Par un jugement n° 2408547 du 19 décembre 2024, le tribunal a rejeté sa demande.
Procédure devant la cour
Par une requête enregistrée le 16 janvier 2025, M. A…, représenté par Me Bescou, demande à la cour :
1°) d’annuler ce jugement ;
2°) d’annuler l’arrêté du 4 septembre 2024 par lequel la préfète de l’Ain lui a fait obligation de quitter le territoire français, a refusé de lui accorder un délai de départ volontaire, a fixé le pays de destination de la mesure d’éloignement et lui a fait interdiction de retour sur le territoire français pour une durée de trois ans ;
3°) d’enjoindre à la préfète de l’Ain de réexaminer sa situation administrative et de procéder à l’effacement de son signalement dans le système d’information Schengen, après remise d’une autorisation provisoire de séjour, dans un délai d’un mois à compter de la notification de l’arrêt, sous astreinte de 100 euros par jour de retard ;
4°) de mettre à la charge de l’Etat une somme de 1 200 euros à verser à son conseil au titre de l’article L. 761-1 du code de justice administrative et de l’article 37 de la loi du 10 juillet 1991.
Il soutient que :
- l’obligation de quitter le territoire français est insuffisamment motivée ;
- elle a été prise à l’issue d’une procédure irrégulière dès lors que n’a pas mise en œuvre la procédure de complément d’information prévue par les dispositions de l’article R. 40-29 du code de procédure pénale ;
- la préfète n’a pas saisi le collège de médecins de l’office français de l’immigration et de l’intégration (OFII) pour avis ;
- elle est illégale dès lors qu’il pouvait être admis au séjour au regard de son état de santé ;
- la préfète ne pouvait se fonder sur la menace qu’il constitue pour l’ordre public ;
- l’obligation de quitter le territoire français méconnaît l’article 8 de la convention européenne de sauvegarde des droits de l’homme et des libertés fondamentales ;
- elle est entachée d’erreur manifeste d’appréciation ;
- le refus de délai de départ volontaire est illégal par voie de conséquence de l’illégalité de l’obligation de quitter le territoire français ;
- il méconnaît les articles L. 612-1 à L. 612-3 du code de l’entrée et du séjour des étrangers et du droit d’asile ;
- il est entaché d’erreur manifeste d’appréciation et d’erreur de fait sur l’existence d’une circonstance particulière ;
- l’interdiction de retour sur le territoire français est illégale par voie de conséquence de l’illégalité de l’obligation de quitter le territoire français et de la fixation du délai de départ volontaire ;
- elle méconnaît l’article 8 de la convention européenne de sauvegarde des droits de l’homme et des libertés fondamentales ;
- elle méconnaît les articles L. 612-6 et L. 612-10 du code de l’entrée et du séjour des étrangers et du droit d’asile ;
- elle n’a pas été prise à la suite d’un examen particulier ;
- elle est entachée d’erreur manifeste d’appréciation et d’erreur de fait sur l’existence d’une circonstance particulière ;
- elle est disproportionnée ;
- la décision fixant le pays de destination est illégale par voie de conséquence de l’illégalité de l’obligation de quitter le territoire français et de la fixation du délai de départ volontaire ;
- elle méconnaît l’article 3 de la convention européenne de sauvegarde des droits de l’homme et des libertés fondamentales.

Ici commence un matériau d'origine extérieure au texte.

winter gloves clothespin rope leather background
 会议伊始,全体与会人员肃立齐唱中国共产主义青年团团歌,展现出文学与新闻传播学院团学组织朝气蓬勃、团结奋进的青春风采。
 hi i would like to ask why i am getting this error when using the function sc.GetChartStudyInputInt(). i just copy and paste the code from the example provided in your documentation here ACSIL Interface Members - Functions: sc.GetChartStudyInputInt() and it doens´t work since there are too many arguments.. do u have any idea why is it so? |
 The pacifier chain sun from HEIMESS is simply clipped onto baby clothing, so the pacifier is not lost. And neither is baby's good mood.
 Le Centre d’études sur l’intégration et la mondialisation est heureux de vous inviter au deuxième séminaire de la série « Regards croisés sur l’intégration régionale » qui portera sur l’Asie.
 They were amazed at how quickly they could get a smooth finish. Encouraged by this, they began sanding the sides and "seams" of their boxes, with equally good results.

Par un mémoire en défense, enregistré le 25 avril 2025, la préfète de l’Ain conclut au rejet de la requête.
Elle soutient que les moyens invoqués ne sont pas fondés.
M. A… a obtenu l’aide juridictionnelle totale par une décision du bureau d’aide juridictionnelle du 12 février 2025.

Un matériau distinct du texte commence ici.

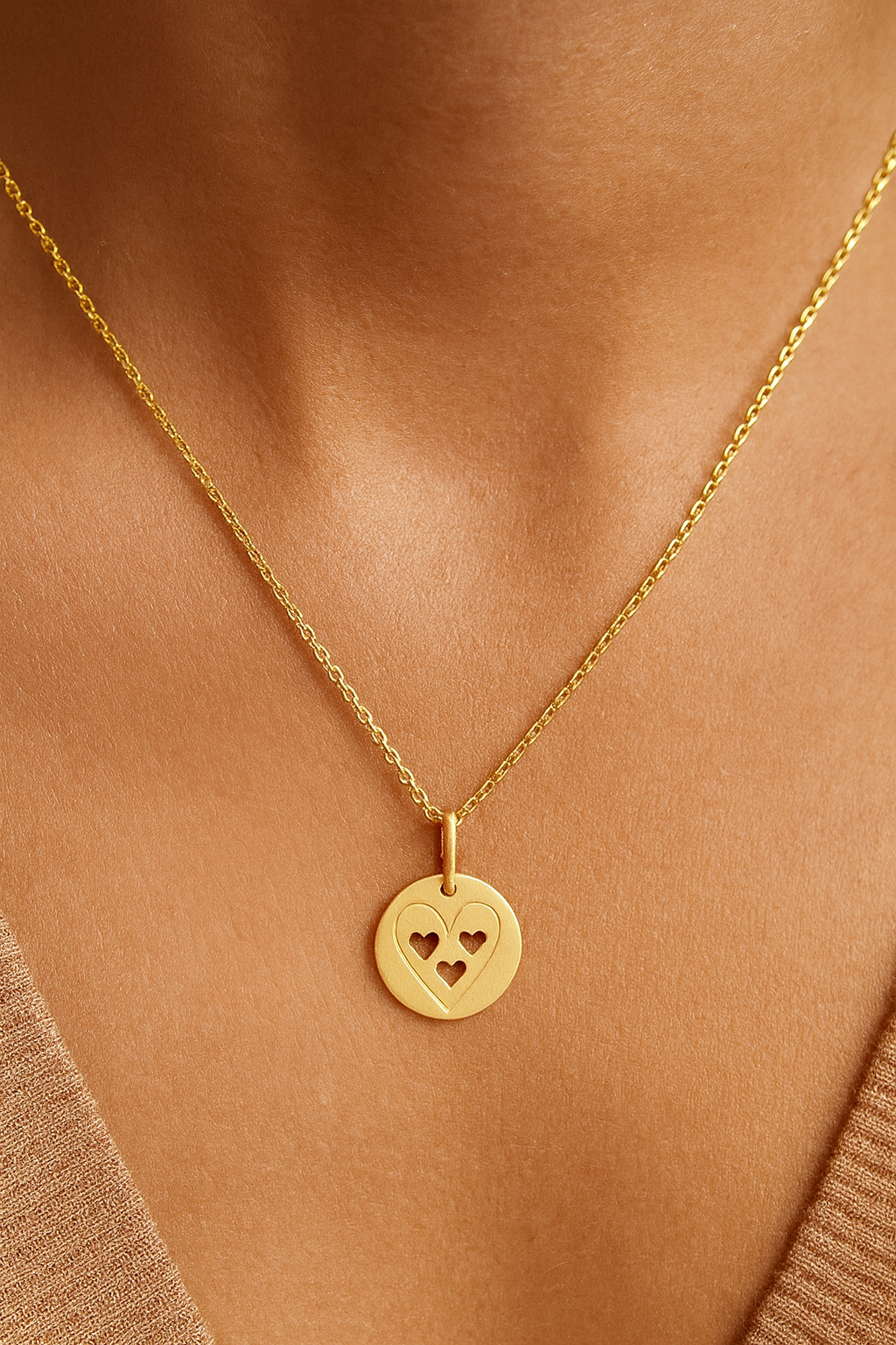 Vedhæng med motiv af tre udskårne hjerter i 14 karat forgyldt sterlingsølv er et personligt smykke, som er oplagt som morsdags gave, julegave og/eller fødselsdagsgave til en du holder af. Eller hvis du blot ønsker at forkæle dig selv. Vedhænget kan let kombineres med Frk. Lisberg’s mange andre message vedhæng, som alle også fås i 14 karat forgyldt sterlingsølv. På den måde får du hurtigt sikret en god gave, som kan bringe glæde, eller et flot sæt som du stolt kan vise frem. Vedhænget kan kombineres og bruges til både hverdag og fest, alt efter hvad man personligt ønsker.

Vu les autres pièces du dossier.
Vu :
- la convention européenne de sauvegarde des droits de l’homme et des libertés fondamentales ;
- le code de l’entrée et du séjour des étrangers et du droit d’asile ;
- le code de procédure pénale ;
- la loi n° 91-647 du 10 juillet 1991 ;
- la loi n° 95-73 du 21 janvier 1995 ;
- la loi n° 2024-42 du 26 janvier 2024 ;
- le code de justice administrative.
Le président de la formation de jugement a dispensé la rapporteure publique, sur sa proposition, de prononcer des conclusions à l’audience.

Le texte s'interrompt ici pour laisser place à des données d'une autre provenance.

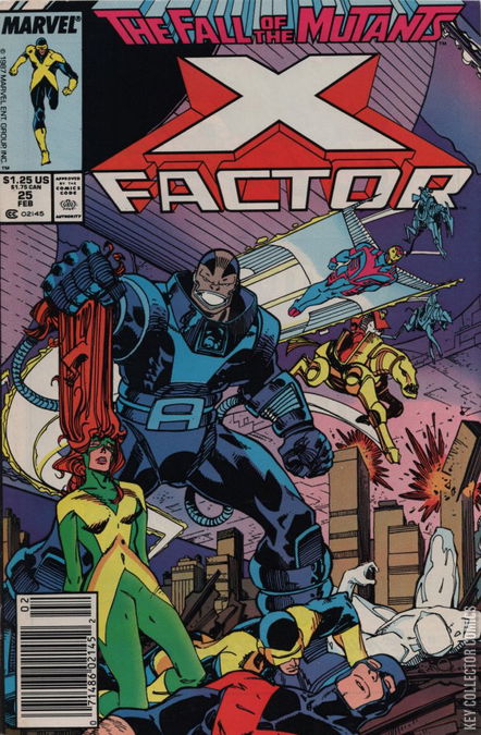 "Judgement Day!" The double-sized issue that's been two years in the making! The final battle with Apocalypse! New York in ruins! A traitor in the midst of X-Factor! New directions for the team! The fate of the Angel! And need we ad...the Fall Of The Mutants? SPOILERS Apocalypse has just released his horsemen onto the world, allowing them to attack civilians. Beast and Iceman manage to work together to free the imprisoned X-Factor, allowing Marvel Girl and Cyclops to escape into the open, while Beast and Iceman remain on the ship. On the ground, Marvel Girl assaults Famine, who gets one good shot at Jean, before being teleported away...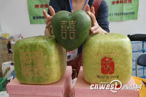 “這西瓜能長成方形,能不能長成三角形?”,有人問到。老板一笑:“能啊,我這有個心性的,看看”,說著從桌下掏出一個香瓜大小的心型西瓜。“這西瓜主要的作用是觀賞,可以放兩年不壞”。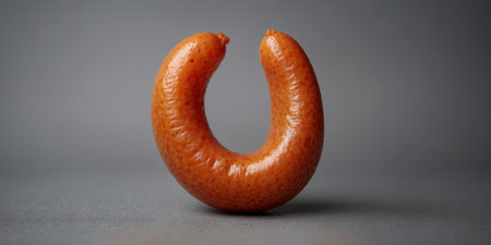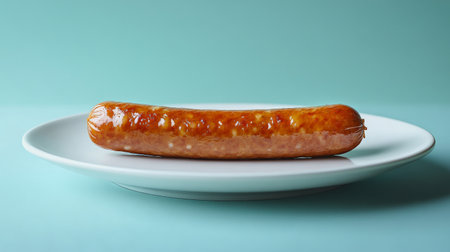 A minimalist composition featuring a perfectly grilled sausage on a clean surface. This image highlights the delicious texture and color, ideal for food-related projects.
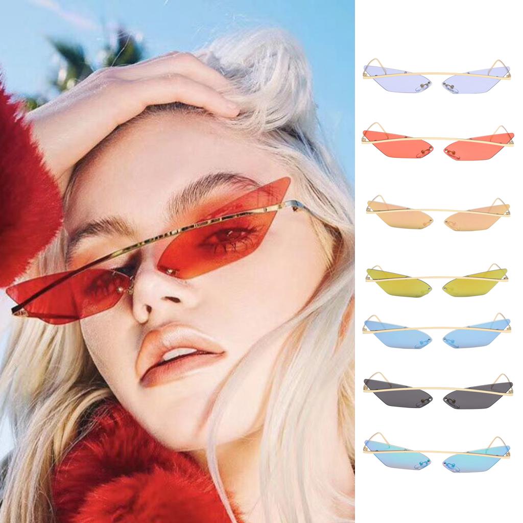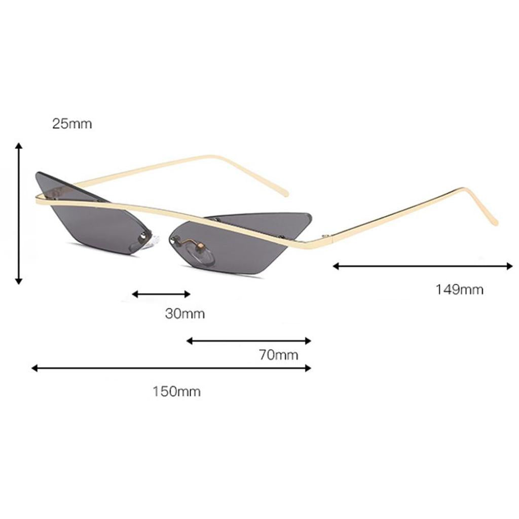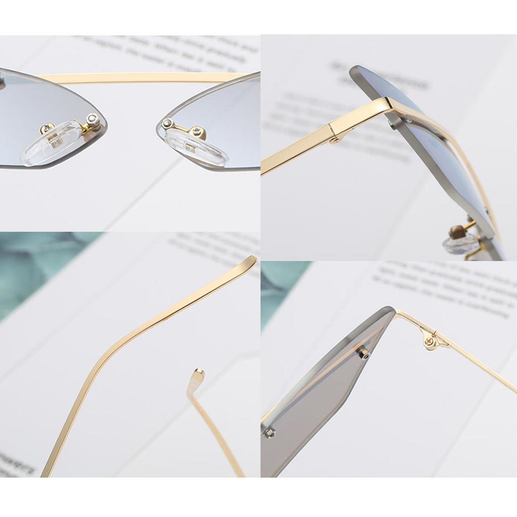 Chic small narrow cat eye shaped transparent lens, rimless, non-polarized, suitable for women and men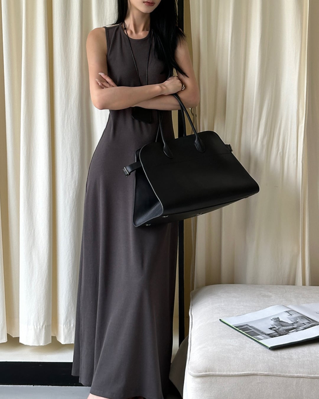 シンプルながらも、背中の大胆なカッティングとサイドスリットがモードな抜け感を演出するノースリーブワンピース。ボディラインに沿うすっきりとしたシルエットで、女性らしさと洗練さを兼ね備えた一枚。柔らかく伸縮性のある素材で、着心地も抜群です。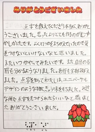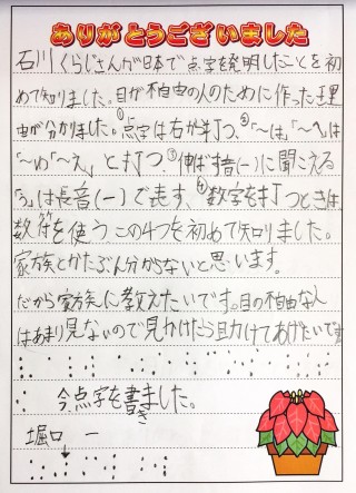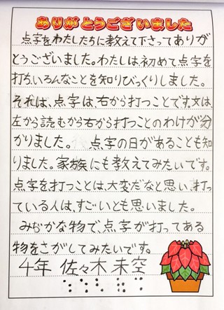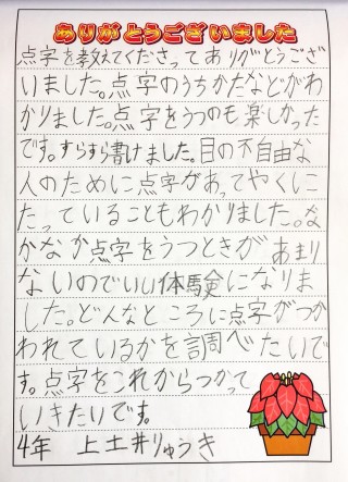 12月13日(水) 2校時 玉名学探究「点字を体験しよう」の授業がありました。4年生は、教科間連携で「共感力」を育成するために玉名学探究を中心にして学習を進めています。地域人材活用と感謝の気持ちを伝える目的で、指導していただいた福祉協議会の穴井さんにお礼の手紙を書きました。4名の児童の感想を紹介します。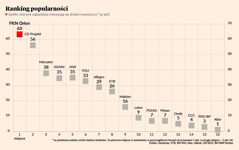 Na to, że drobni inwestorzy zaczynają zmieniać preferencje, wskazywały już dane za czerwiec tego roku. Wówczas CD Projekt tylko o jeden punkt wyprzedził KGHM. Miedziowa spółka uplasowała się w lipcu tuż za podium, na które wrócił Mercator Medical. W szerokiej czołówce pojawił się także debiutant - Onde, nie ma już natomiast gwiazd sprzed roku. Wówczas w szczycie hossy tzw. spółek covidowych ranking wygrywał Biomed Lublin, a dwunaste miejsce zajął 4Mass.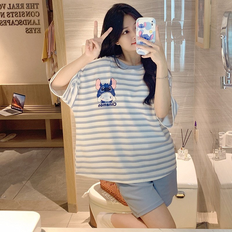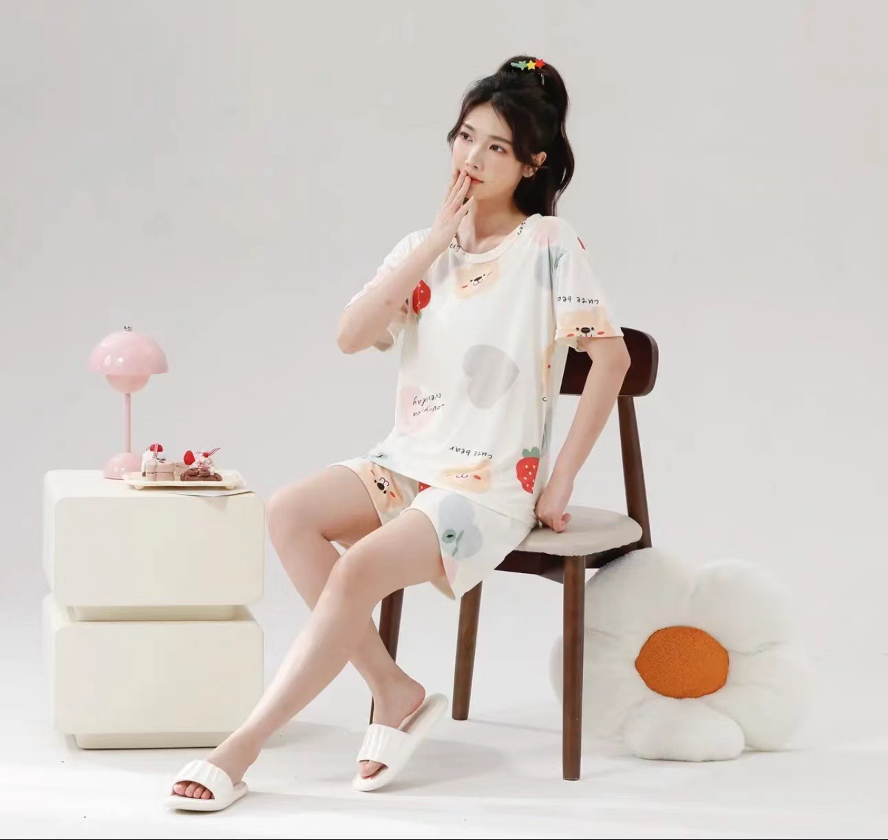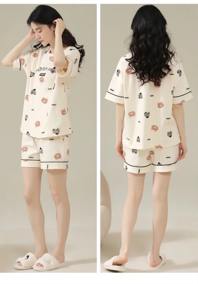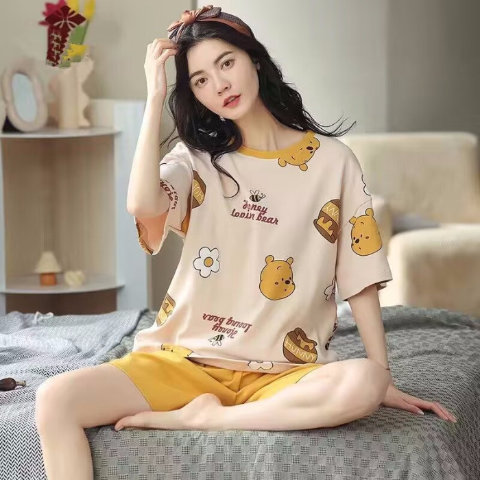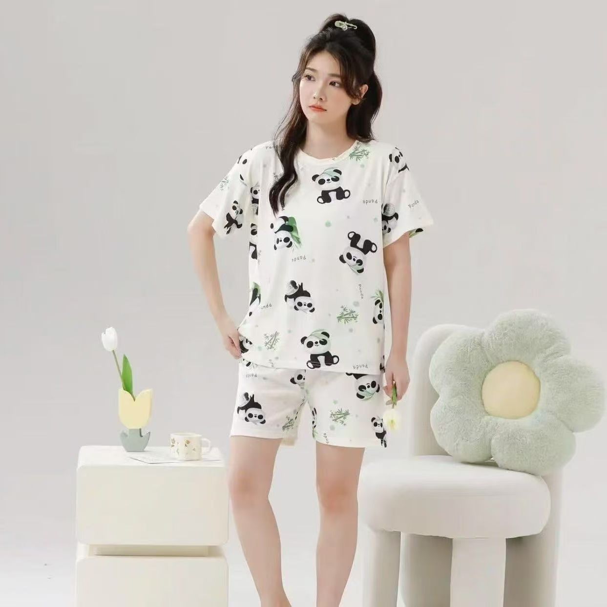 여성용 잠옷 여름 2025 새로운 반팔 반바지 인기있는 달콤한 인터넷 연예인 귀여운 만화 여름 정장 홈웨어스토어 가기

Les parties ayant été régulièrement averties du jour de l’audience.
Le rapport de Mme Evrard, présidente-assesseure, a été entendu au cours de l’audience publique.
Considérant ce qui suit :
M. A…, ressortissant marocain né le 1er janvier 1964, est entré en France le 14 mai 2016, sous couvert d’un visa de long séjour valable du 15 avril 2016 au 17 juillet 2016, et a bénéficié d’un titre de séjour, délivré au titre de sa vie privée et familiale, valable du 18 août 2016 au 17 août 2017 et renouvelé jusqu’au 17 août 2018. Le préfet de l’Ain a refusé de renouveler son titre de séjour et l’a obligé à quitter le territoire français par un arrêté du 15 mars 2019. Le 18 mars 2020, il a été assigné à résidence pour une durée de 45 jours renouvelable. Le préfet de l’Ain a prolongé l’interdiction de retour sur le territoire français pour une durée de six mois et l’a assigné à résidence par un arrêté du 22 mai 2021. A la suite d’un contrôle d’identité, M. A… a fait l’objet, par arrêté du 20 août 2024, d’une obligation de quitter le territoire français, d’une interdiction de retour sur le territoire français de trois ans et d’une assignation à résidence. La préfète de l’Ain ayant retiré cet arrêté au motif qu’il était entaché d’erreurs matérielles, elle lui a de nouveau fait obligation de quitter le territoire français par un nouvel arrêté du 4 septembre 2024, et a refusé de lui accorder un délai de départ volontaire, a fixé le pays de destination de la mesure d’éloignement et lui a fait interdiction de retour sur le territoire français pour une durée de trois ans. M. A… relève appel du jugement du 19 décembre 2024 par lequel le tribunal administratif de Lyon a rejeté sa demande tendant à l’annulation de cet arrêté.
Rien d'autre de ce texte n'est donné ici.